Cannabis (Cannabis sativa L.) is a dicotyledonous angiosperm originating from Central Asia but is cultivated across many parts of the world due to its ability to grow in a wide range of habitats and environmental conditions [1].

Cannabis belongs to the Cannabaceae family and is considered one of the earliest cultivated crops, being of particular interest due to its multiple uses. Cannabinoids are responsible for the pharmacological and psychoactive properties of this crop, and these therapeutic characteristics have drawn the attention of researchers from all over the world. Additionally, hemp, a Cannabis variety containing less than 0.3% of tetrahydrocannabinol (THC), is cultivated for biomass and fibre, which constitute feedstock for industrial uses. Conversely, medicinal Cannabis contains a greater amount of THC, which has been increasing in recent years, reaching 17–28% of the dry weight in some varieties [2], or even exceeding 30% in others [3].
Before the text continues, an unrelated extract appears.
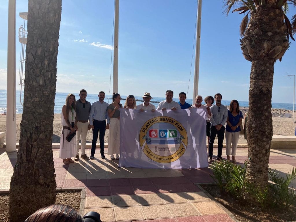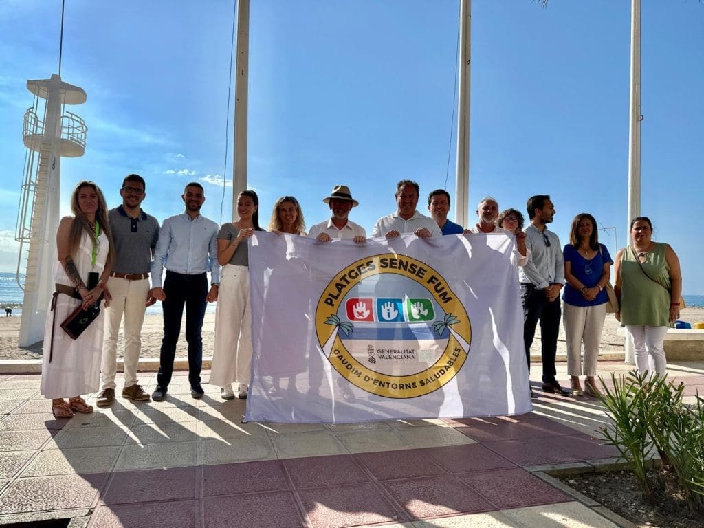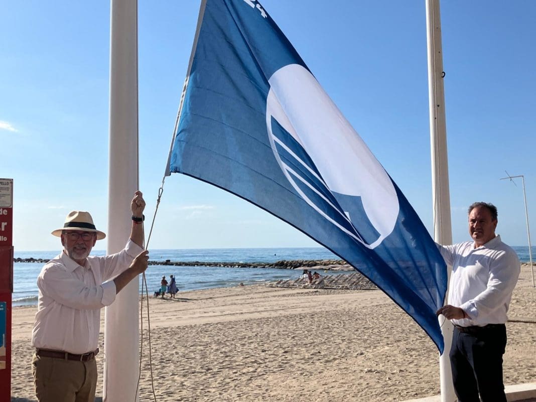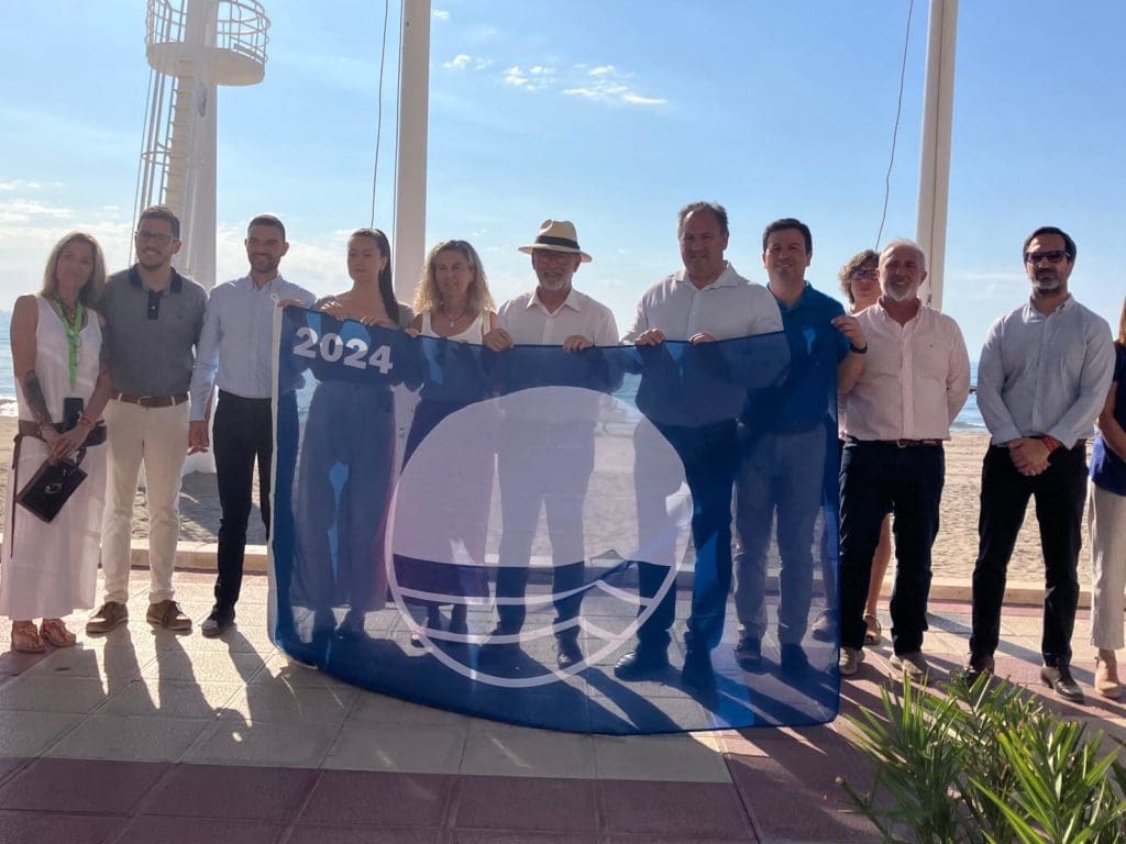 En el acto de izado de las enseñas han participado el alcalde, Juanjo Berenguer; el concejal de Playas, Rafa Galvañ, y representantes de los grupos municipales PP, PSPV-PSOE y Vox.

Among the ~130 secondary metabolites identified in Cannabis [4], THC, along with cannabidiol (CBD), constitute the most relevant compounds produced by this crop and are the main focus of Cannabis breeding programs.

Breeding efforts to produce Cannabis with unique fragrance and flavour characteristics are also of interest. Consequently, the profile of terpenoids, which are highly abundant and largely responsible for the characteristic aroma of Cannabis, is of importance, with isoprenes, monoterpenes, and sesquiterpenes being the predominant classes [5,6].

Due to the legislation regulating Cannabis and related breeding programs, research into the cannabinoid biosynthetic pathway is underrepresented, and it has not been sufficiently characterised, especially at the molecular level [5,7]. Many other major crops have already been widely investigated from this perspective, especially after the advent of Next Generation Sequencing (NGS) technologies [7]. However, the recent modifications in legislation and less stringent regulations [8], as well as the availability of the Cannabis genomic sequence [9], have broadened research in this crop, with the aim also to improve its biomass quality, in the context of sustainable agriculture [10,11].

These legislative changes have also resulted in increased Cannabis production and, with it, a growth of the incidence and severity of crop pathogens, along with the detection of previously unreported diseases. Among emerging pathogens of Cannabis recently reported there are Botrytis cinerea [12,13], Fusarium spp. [14,15], Pythium [16,17] Golovinomyces spp. [12,13], and Hop latent viroid [18], where hop (Humulus lupulus) is a member of Cannabaceae and is closely related to Cannabis [19]. These pathogens can be grouped according to the tissues they infect: root and crown (Fusarium oxysporum, Fusarium proliferatum, Fusarium solani, Pythium myriotylum, Pythium dissotocum, Pythium aphanidermatum), leaves (Golovinomyces spp.), buds (Hop latent viroid) [12]. Botrytis cinerea is often classified as a postharvest pathogen and can attack Cannabis seeds, leaves, and stalks [12]. Fusarium and Pythium species are the most destructive root pathogens, especially when the infection occurs during vegetative growth. Crop losses resulting from the attack of these two pathogens can reach 30% of the total yield [12]. Botryis and Fusarium species also are harmful, as well as other fungi, such as Golovinomyces species, causing powdery mildew (PM, a common term for several taxa of plant pathogenic fungi), and colonizing foliar and flower tissues through the production of spores. Furthermore, extensive infection by fungi such as Fusarium can lead to mycotoxin accumulation in the tissues, potentially harmful to human health [20]. Hop latent viroid leads to malformation of buds and can infect other parts of the crop [18].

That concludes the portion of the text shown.